The Agent Health Configuration dialog allows you to define health monitoring thresholds and tolerance levels for an individual Agent. This is applicable for both Server and Local Agents.

Agent-level configuration overrides the Global Agent Health Configuration configured in the Administration section of the AI Command Center.

This allows organizations to apply custom operational expectations for specific Agents based on their business criticality, runtime characteristics, workload patterns, or SLA requirements.

The dialog also provides the ability to:

  • View the current Agent Health Score
  • Recalculate the Agent Health Score
  • Reset configuration back to system defaults

How to Access

To open the Agent Health Configuration dialog:

  • Navigate to the Agents OR Local Agents -> Agents page
  • Locate the required Agent
  • Click the Context Menu (...)
  • Select Health Configuration

The Health Configuration dialog for the selected Agent is displayed.


Configuration Sections

The Agent Health Configuration dialog is organized into the following sections:

  • Evaluation Settings
  • Performance Thresholds
  • Fault Tolerance Settings
  • Health Score Summary

Evaluation Settings

The Evaluation Settings section controls the evaluation window used for computing Agent Health metrics for the selected Agent.

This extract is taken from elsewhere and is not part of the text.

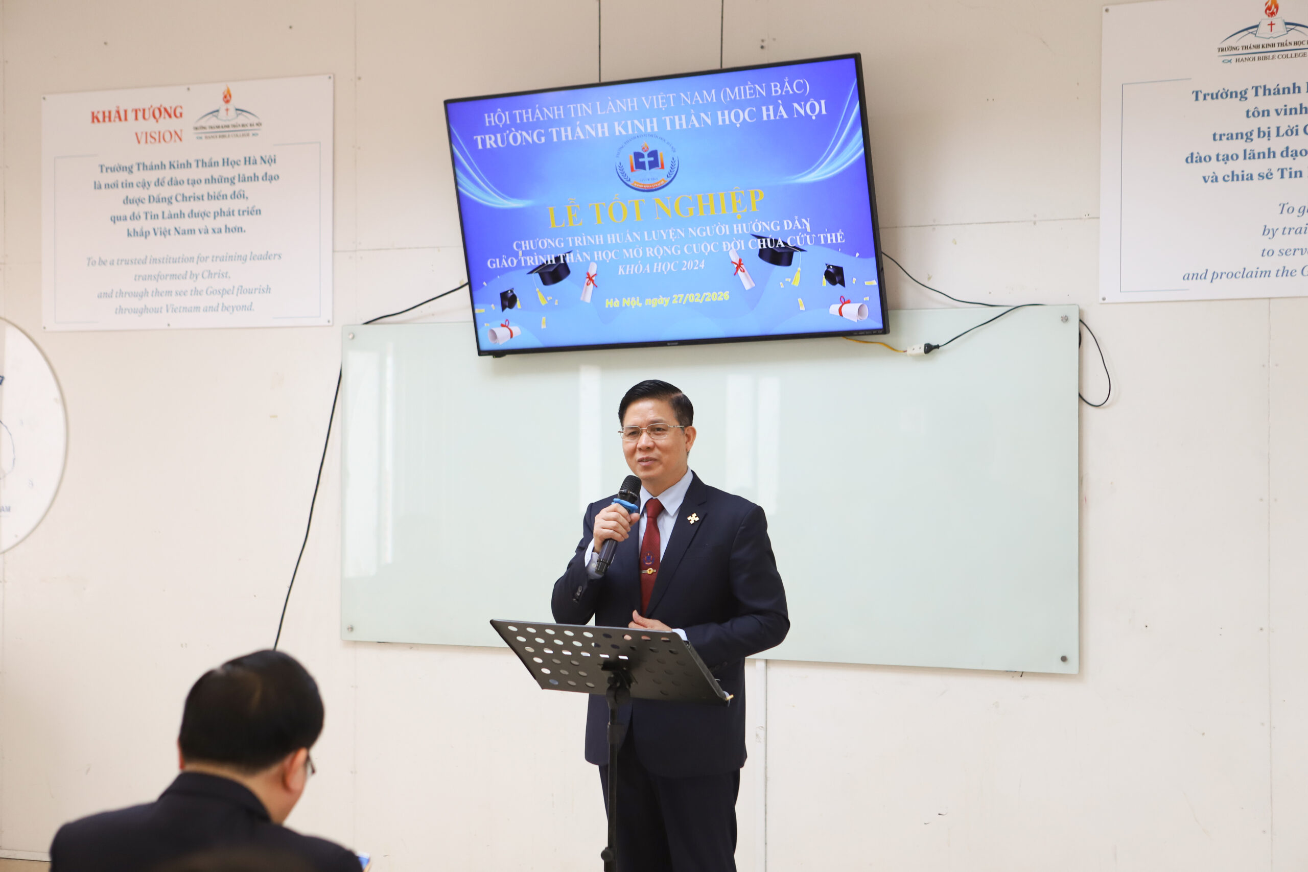 Tham dự buổi lễ có: Mục sư Bùi Văn Sản – Hội trưởng Hội Thánh Tin Lành Việt Nam (Miền Bắc); Mục sư Nguyễn Hữu Mạc – Phó Hội trưởng I, Hiệu trưởng Trường Thánh Kinh Thần học Hà Nội; Mục sư Phạm Bá Hạnh – Tổng Thư ký; cùng quý giáo sư và các mục sư phụ trách lớp học.

Evaluation Time Period (minutes)

Specify the evaluation window, in minutes, used for computing the Agent Health metrics.

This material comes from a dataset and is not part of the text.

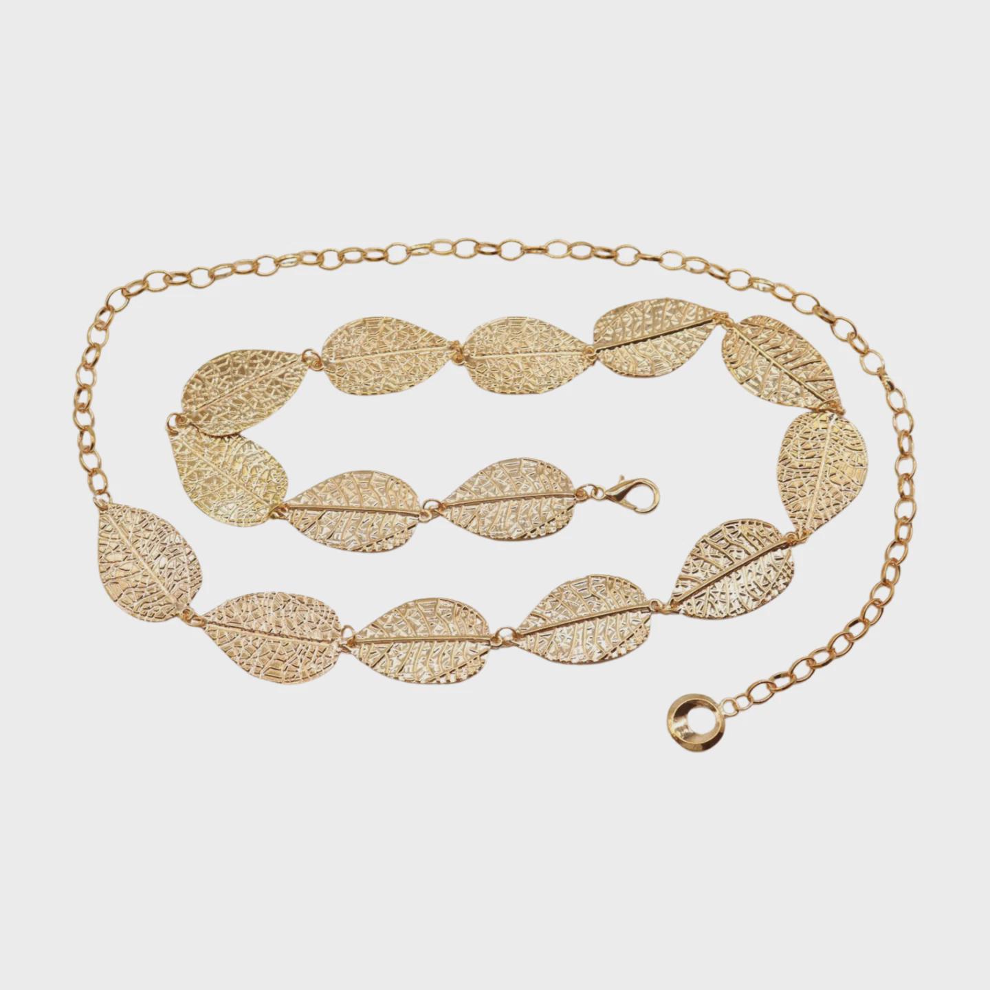 Gold Leaf Chain Belt: Elegant Metal Waistband, Adjustable (27"-43")

The system evaluates the Agent behavior within this rolling evaluation period.

This affects:

  • Reliability analysis
  • Runtime measurements
  • Failure calculations
  • Stability analysis
  • Operational scoring

Example:

  • 1440 minutes = Last 24 Hours
note

When configured at the Agent level, this value overrides the Global Agent Health Configuration.


Performance Thresholds

The Performance Thresholds section defines the expected runtime and reliability characteristics for the selected Agent.


Expected Success Rate

Specify the minimum expected success percentage for the Agent.

This value is used during Reliability Score calculations.

Recommended value:

  • >= 95

Example:

  • 98

Higher values enforce stricter reliability expectations.


Expected Average Runtime (seconds)

Specify the expected average execution duration for the Agent.

This value is used during Performance Score calculations.

Example:

  • 45 seconds

Agents consistently exceeding the expected runtime may receive lower performance scores.


Max Runtime Deviation Percent

Specify the maximum allowed runtime deviation percentage before runtime penalties are applied.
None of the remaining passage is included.